Ganz einfach: Weil alles eine einzige Illusion ist. Das hat nichts Menschliches und schon gar nichts Persönliches an sich. Klar ist es toll, bejubelt zu werden und jede Menge Geld zu haben. Aber wenn man so eine schwache Persönlichkeit hat wie ich und zu viel an sich ranlässt, ist das keine wirkliche Hilfe. Entscheidend ist, dass man sich selbst findet, Antworten auf seine Fragen bekommt und sich entwickelt. Aber das ist einfach unmöglich, wenn dein Leben vollkommen durchkalkuliert ist, du nur noch von Hotel zu Hotel, Konzert zu Konzert und Studio zu Studio geleitet wirst und dich um nichts mehr kümmern musst. Man lebt dann wie in einer Seifenblase und verliert jeden Bezug zur Realität.

Der Song „Dead Of The Night“ beschreibt diesen Zustand?

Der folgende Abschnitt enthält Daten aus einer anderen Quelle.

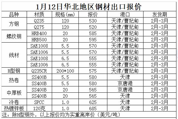 1月12日華北地區(qū)鋼材出口報(bào)價(jià)參考
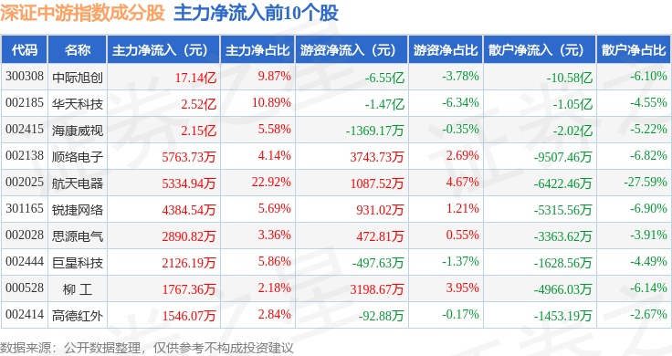 资金流向方面,深证中游(399705)指数成份股当日主力资金净流出合计258.51亿元,游资资金净流入合计65.38亿元,散户资金净流入合计193.13亿元。成份股资金流向详情见下表:
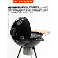 Новинка коллекции: классический угольный гриль премиальной серии превратит процесс гриллинга в настоящее удовольствие, тем более что у данной модели в комплектации LUX на жаровне предусмотрен специальный кронштейн, позволяющий сдвигать вбок крышку гриля и надежно фиксировать ее там, быстро освобождая руки для любых операций с продуктом в каждый момент. Удобно, что у гриля есть съемный деревянный столик, на котором можно разместить все необходимое для жарки. Новая модульная грилевая решетка имеет откидные боковые створки и съемный центр - это дает быстрый доступ к углям в жаровне, а также позволяет использовать на гриле чугунный садж, камень для пиццы, решетку для стейков и другие аксессуары.
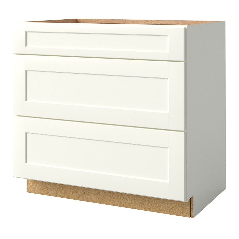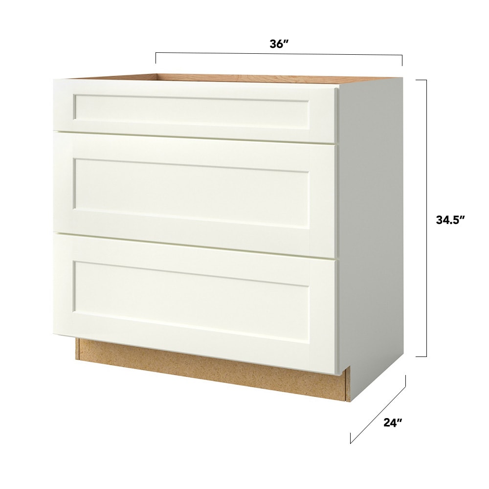 Elevate your kitchen's ambiance with the allen + roth Aveley 36-in Linen 3-Drawer Base Cabinet. Featuring a true painted bright white finish and modern flat panel style, this cabinet blends seamlessly into any décor while offering extensive storage solutions. Experience the luxury of soft-close drawers and superior craftsmanship backed by a lifetime warranty.
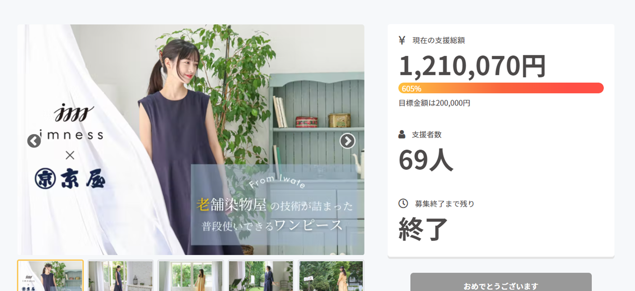 去年行ったクラウドファンディングでは日本国内の工場や技術を守っていきたいという想いをもとに岩手県一関市で100年続く「京屋染物店」と一緒に、生地の選定・染色をした特別なワンピースを製作しました。この想いは多くの方に共感いただき、達成率605%という結果となりました。
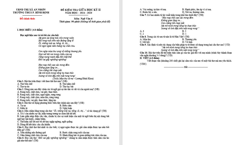 | Đề chính thức | Môn: Ngữ Văn 6
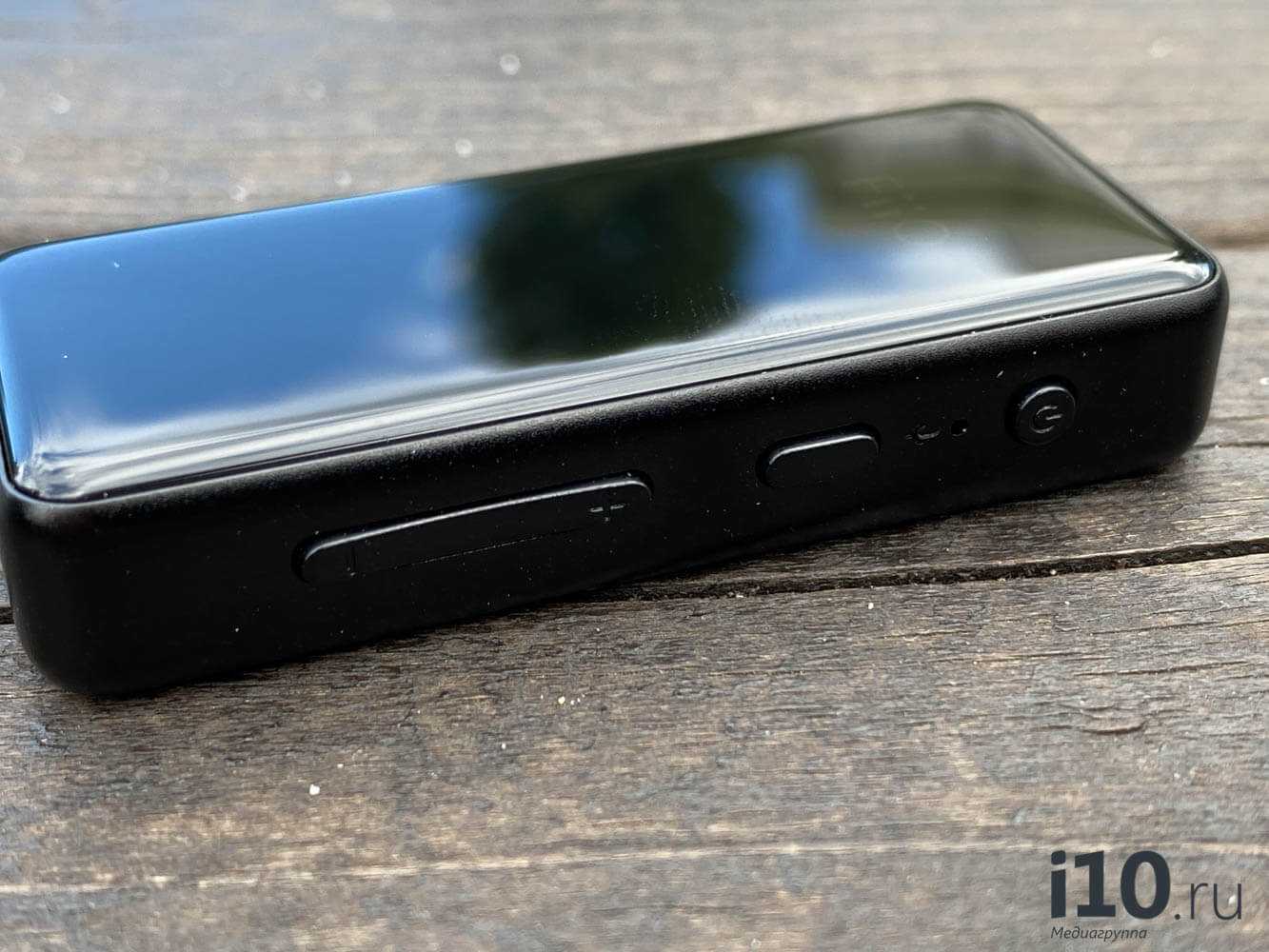 На правой грани находятся кнопка включения/выключения, отверстие микрофона, отдельная «умная» кнопка, отвечающая за воспроизведение и паузу, вызов голосового помощника и многие другие функции, а так же качелька громкости. Короткие нажатия на неё изменяют громкость, длинные — переключают треки. Тут, кстати, есть одна особенность, которая для меня выглядит вполне логично, но отзывы в интернете говорят, что не все разделяют моё мнение. Дело в том, что нажатие качельки вверх увеличивает громкость, но при этом, длинное её удержание вызывает переход на предыдущий трек, и многих это сбивает с толку. Для меня же это выглядит логично, так как условный индикатор громкости всегда растёт вверх, а список треков, наоборот, идёт сверху вниз, поэтому такая работа этих клавиш мне кажется вполне нормальной. Впрочем, почти наверняка, со временем регулировку этого поведения добавят во встроенную утилиту настроек.

Ja, und das sehr akkurat. Es ist diese typische Rock-’n’-Roll-Welt: Eben diese VIP-Bereiche in irgendwelchen Clubs, in denen vermeintliche Promis allen möglichen Blödsinn machen können. Es kam immer wieder vor, dass wir uns in einem Raum wiederfanden mit einem Haufen Leute, die wir gar nicht kannten, und die eigentlich nichts anderes können als Partys feiern, Drogen nehmen, Sex haben und saufen – wie regelrechte Zombies. Sie sitzen da rum und erzählen einander bis zum Morgengrauen, wie sehr sie dich verehren und bewundern. Wenn du sie dann aber am nächsten Tag auf der Straße triffst, tun sie so, als würden sie dich nicht kennen. Das ist eine unglaublich deprimierende Erfahrung.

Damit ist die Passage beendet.